If you want to further read up on RDDs and partitions, you can checkout the chapter Partitions and Partitioning of the excellent Mastering Apache Spark 2 book by Jacek Laskowski. In most cases we would want to control the number of partitions, like 100, or even group by a column, let’s say country, in which case we would write:

df.repartition(100).rdd.mapPartitions(my_func).toDF()

or

df.repartition('country').rdd.mapPartitions(my_func).toDF()

Having solved one problem, as it is quite often in life, we have introduced another problem. As we are working now with the low-level RDD interface, our function my_func will be passed an iterator of PySpark Row objects and needs to return them as well. A Row object itself is only a container for the column values in one row, as you might have guessed. When we return such a Row, the data types of these values therein must be interpretable by Spark in order to translate them back to Scala. This is a lot of low-level stuff to deal with since in most cases we would love to implement our UDF/UDAF with the help of Pandas, keeping in mind that one partition should hold less than 10 million rows.

So first we need to define a nice function that will convert a Row iterator into a Pandas DataFrame:

import logging
import pandas as pd


_logger = logging.getLogger(__name__)


def rows_to_pandas(rows):
    """Converts a Spark Row iterator of a partition to a Pandas DataFrame assuming YARN

    Args:
        rows: iterator over PySpark Row objects

    Returns:
        Pandas DataFrame
    """
    first_row, rows = peek(rows)
    if not first_row:
        _logger.warning("Spark DataFrame is empty! Returning empty Pandas DataFrame!")
        return pd.DataFrame()

    first_row_info = ["{} ({}): {}".format(k, rtype(first_row[k]), first_row[k])
                      for k in first_row.__fields__]
    _logger.debug("First partition row: {}".format(first_row_info))
    df = pd.DataFrame.from_records(rows, columns=first_row.__fields__)
    _logger.debug("Converted partition to DataFrame of shape {} with types:\n{}".format(df.shape, df.dtypes))
    return df

This function actually does only one thing which is calling df = pd.DataFrame.from_records(rows, columns=first_row.__fields__) in order to generate a DataFrame. The rest of the code makes sure that the iterator is not empty and for debugging reasons we also peek into the first row and print the value as well as the datatype of each column.

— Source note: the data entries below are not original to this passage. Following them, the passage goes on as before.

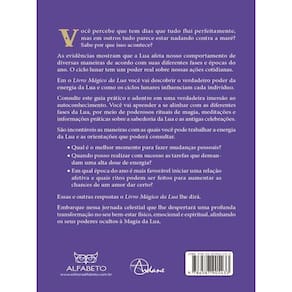 Você percebe que tem dias que tudo flui perfeitamente, mas em outros tudo parece estar nadando contra a maré? Sabe por que isso acontece? As evidências mostram que a Lua afeta nosso comportamento de diversas maneiras de acordo com suas diferentes fases e épocas do ano. O ciclo lunar tem um poder real sobre nossas ações cotidianas. Em o Livro Mágico da Lua você vai descobrir o verdadeiro poder da energia da Lua e como os ciclos lunares influenciam cada indivíduo. Consulte este guia prático e adentre em uma verdadeira imersão ao autoconhecimento. Você vai aprender a se alinhar com as diferentes fases da Lua, por meio de poderosos rituais de magia, meditações e informações práticas sobre a sabedoria da Lua e as antigas celebrações. São incontáveis as maneiras com as quais você pode trabalhar a energia da Lua e as orientações que poderá consultar. ? Qual é o melhor momento para fazer mudanças pessoais? ? Quando posso realizar com sucesso as tarefas que demandam uma alta dose de energia? ? Em qual época do ano é mais favorável iniciar uma relação afetiva e quais ritos podem ser feitos para aumentar as chances de um amor dar certo? Essas e outras respostas o Livro Mágico da Lua lhe dirá. Embarque nessa jornada celestial que lhe despertará uma profunda transformação no seu bem-estar físico, emocional e espiritual, alinhando os seus poderes ocultos à Magia da Lua. Ean: 9786587905433
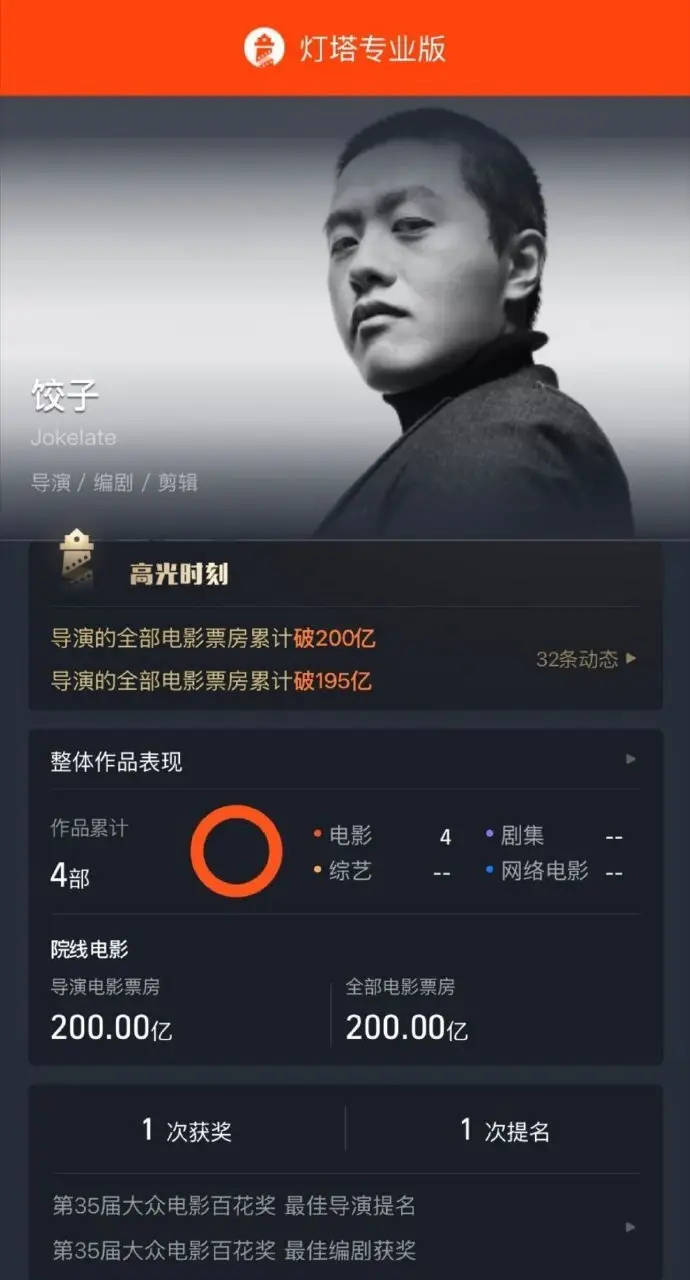 搜狐娱乐讯 3月23日,据灯塔专业版,饺子导演内地票房成绩超200亿元(2部电影),位列导演票房榜第一。《哪吒之魔童闹海》实时票房超149.65亿,哪吒之魔童系列电影内地累计总票房突破200亿,饺子导演成为中国影史首位导演票房破200亿影人。
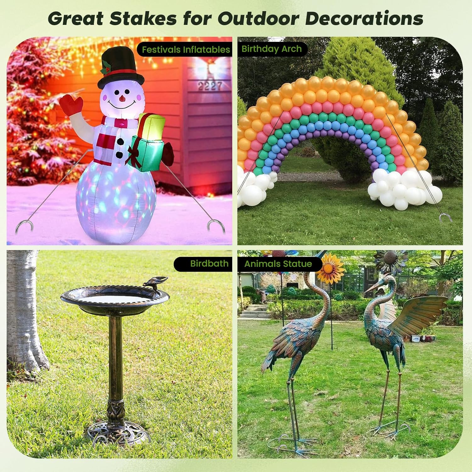 • 【12 inches Stakes Heavy Duty】Sold in bundles of 34 pieces, 12 inches length from tip to hook, 5/16"(8mm) diameter fence stakes. The hook is 2", pefect for holding down inflatables, stake down a tarp, lawn decor, chain link fence etc.
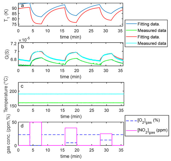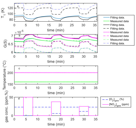 Results of the model fitting for an Au decorated MWCNT–COOH sensing film. From the top: the first plot (a) shows the estimated T1 as a function of time (model output), the second plot (b) compares the estimated G(t) (model output) with the measured one as per legend, the third (c) shows the measured temperature (model input), the last (d) the gas concentrations (model inputs).
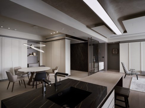 With Island House, interior designer Luke Wang set out to create a home that exudes comfort and livability against a hectic city backdrop. Describing the design concept, Wang said: “Like an island oasis, this space is separated at a metaphysical distance from the metropolis just beyond its borders, meaning the occupants can enjoy quietude and tranquility on returning home.”
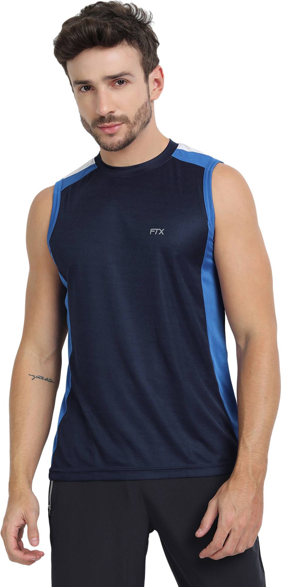 FTX Men Colorblock Round Neck Navy Blue Vest

This has proven in practice to be extremely helpful in case something goes wrong and one needs to debug what’s going on in the UDF/UDAF. The functions peek and rtype are defined as follows:

from itertools import chain


def peek(iterable):
    """Peek into the first element and return the whole iterator again

    Args:
        iterable: iterable object like list or iterator

    Returns:
        tuple of first element and original iterable
    """
    iterable = iter(iterable)
    try:
        first_elem = next(iterable)
    except StopIteration:
        return None, iterable
    iterable = chain([first_elem], iterable)
    return first_elem, iterable


def rtype(var):
    """Heuristic representation for nested types/containers

    Args:
        var: some (nested) variable

    Returns:
        str: string representation of nested datatype (NA=Not Available)
    """
    def etype(x):
        return type(x).__name__

    if isinstance(var, list):
        elem_type = etype(var[0]) if var else "NA"
        return "List[{}]".format(elem_type)
    elif isinstance(var, dict):
        keys = list(var.keys())
        if keys:
            key = keys[0]
            key_type, val_type = etype(key), etype(var[key])
        else:
            key_type, val_type = "NA", "NA"
        return "Dict[{}, {}]".format(key_type, val_type)
    elif isinstance(var, tuple):
        elem_types = ', '.join(etype(elem) for elem in var)
        return "Tuple[{}]".format(elem_types)
    else:
        return etype(var)

The next part is to actually convert the result of our UDF/UDAF back to an iterator of Row objects. Since our result will most likely be a Pandas DataFrame or Series, we define the following:

import numpy as np
from pyspark.sql.types import Row


def convert_dtypes(rows):
    """Converts some Pandas data types to pure Python data types

    Args:
        rows (array): numpy recarray holding all rows

    Returns:
        Iterator over lists of row values
    """
    dtype_map = {pd.Timestamp: lambda x: x.to_pydatetime(),
                 np.datetime64: lambda x: pd.Timestamp(x).to_pydatetime(),
                 np.bool_: lambda x: bool(x),
                 np.int8: lambda x: int(x),
                 np.int16: lambda x: int(x),
                 np.int32: lambda x: int(x),
                 np.int64: lambda x: int(x),
                 np.float16: lambda x: float(x),
                 np.float32: lambda x: float(x),
                 np.float64: lambda x: float(x),
                 np.float128: lambda x: float(x)}
    for row in rows:
        yield [dtype_map.get(type(elem), lambda x: x)(elem) for elem in row]


def pandas_to_rows(df):
    """Converts Pandas DataFrame to iterator of Row objects

    Args:
        df: Pandas DataFrame

    Returns:
        Iterator over PySpark Row objects
    """
    if df is None:
        _logger.debug("Returning nothing")
        return iter([])
    if type(df) is pd.Series:
        df = df.to_frame().T
    if df.empty:
        _logger.warning("Pandas DataFrame is empty! Returning nothing!")
        return iter([])
    _logger.debug("Convert DataFrame of shape {} to partition with types:\n{}".format(df.shape, df.dtypes))
    records = df.to_records(index=False)
    records = convert_dtypes(records)
    first_row, records = peek(records)
    first_row_info = ["{} ({}): {}".format(k, rtype(v), v) for k, v in zip(df.columns, first_row)]
    _logger.debug("First record row: {}".format(first_row_info))
    row = Row(*df.columns)
    return (row(*elems) for elems in records)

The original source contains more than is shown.